For many data science scenarios, a single-table model is usually the go-to, but the truth is that RDBMS and table-like storages are important for more complex use cases, such as systems testing, replicating a database for customer segmentation, or even for data migrations between on-prem and the cloud. 

YData Fabric offers an easy-to-use and familiar interface through the SDK to support Multi-Table Synthesis.
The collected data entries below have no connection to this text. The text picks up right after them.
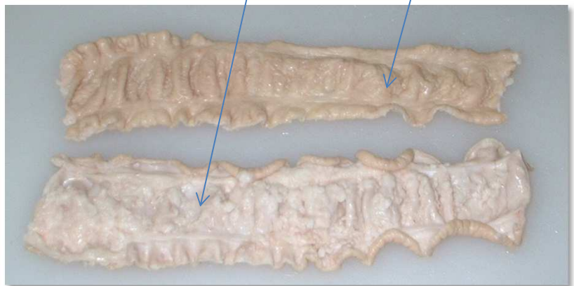
切開・洗浄・脂取り・ポイルした、美味しい大腸
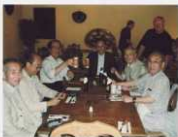
Fajardo Inn に到着 メキシコ料理で遅い夕食
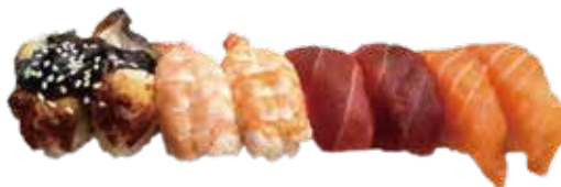
69: Nigiri mixto (Salmón 2u, atún 2u, gambas 2u, anguila 2u) (total 8u)

With the SDK and a few lines of code, users can replicate full relational databases while maintaining the consistency of all the keys and the statistical information of cross-table relations. 

[Berka](https://data.world/lpetrocelli/czech-financial-dataset-real-anonymized-transactions) is the dataset chosen to demo Fabric Multi-Table synthesis properties and interface. 
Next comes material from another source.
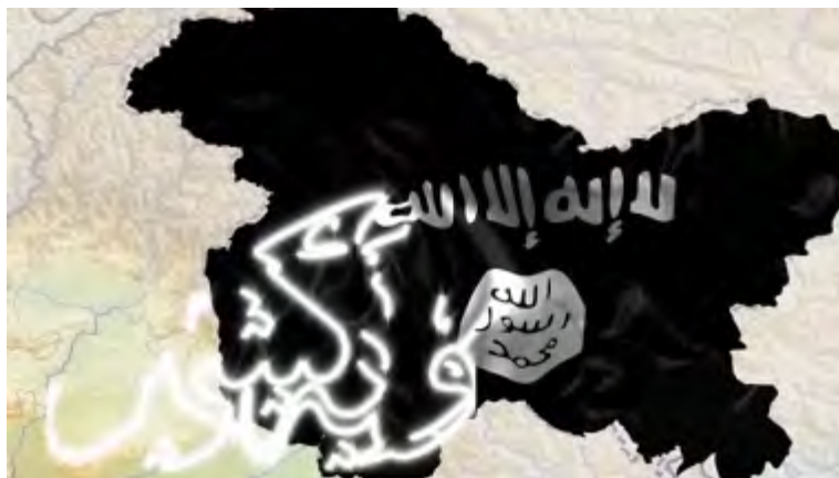
Карта округа Кашмир организации ИГИЛ, представленная в ролике с призывами Абу Аль Бара Кашмирца (агентство новостей "Хек" и сайт по обмену файлами, 25 декабря 2017 г.)

► Организация ИГИЛ обратилась к организации "Ансар Адуат Аль Хинд" (сторонники нашествия на Индию), которая была создана организацией "Аль Кайда" в секторе Кашмир в конце июля 2017 г., с призывом к сотрудничеству (газета "Аль Масдар ньюз", 23 декабря 2017 г.). В конце июля 2017 г. было опубликовано заявление организации "Аль Кайда", в рамках которого она сообщала, что кашмирский боевик по имени Дакар Рашид Бхат Муса , местный джихадистский лидер, действующий в секторе Кашмир, станет главой организации "Ансар Адуат Аль Хинд" 3 , новой организации, входящей в структуру организации "Аль Кайда", в Кашмире. Данная организация была создана для того, чтобы "изгнать индийские войска из этого района" (газета "Арам ньюз", 30 июля 2017 г.; газета "Глобал Дейли Трибун", 28 июля 2017 г.).

## Getting the data from an RDBMS

We can load an RDBMS connector created through the Fabric platform using the code below.

In [1]:
from ydata.labs import Connectors
connector = Connectors.get(uid='<uid>', namespace='<namespace>').connector

Alternatively, the RDBMS connector can be created through the SDK.

In [None]:
from ydata.connectors.storages.rdbms_connector import MySQLConnector

USERNAME = '<username>'
PASSWORD = '<password>'
HOSTNAME = '<hostname>'
PORT = '3306'
DATABASE_NAME = '<database>'

conn_str = {
    "hostname": f'{HOSTNAME}',
    "username": f'{USERNAME}',
    "password": f'{PASSWORD}',
    "port": f'{PORT}',
    "database": f'{DATABASE_NAME}'
}

connector = MySQLConnector(conn_string=conn_str)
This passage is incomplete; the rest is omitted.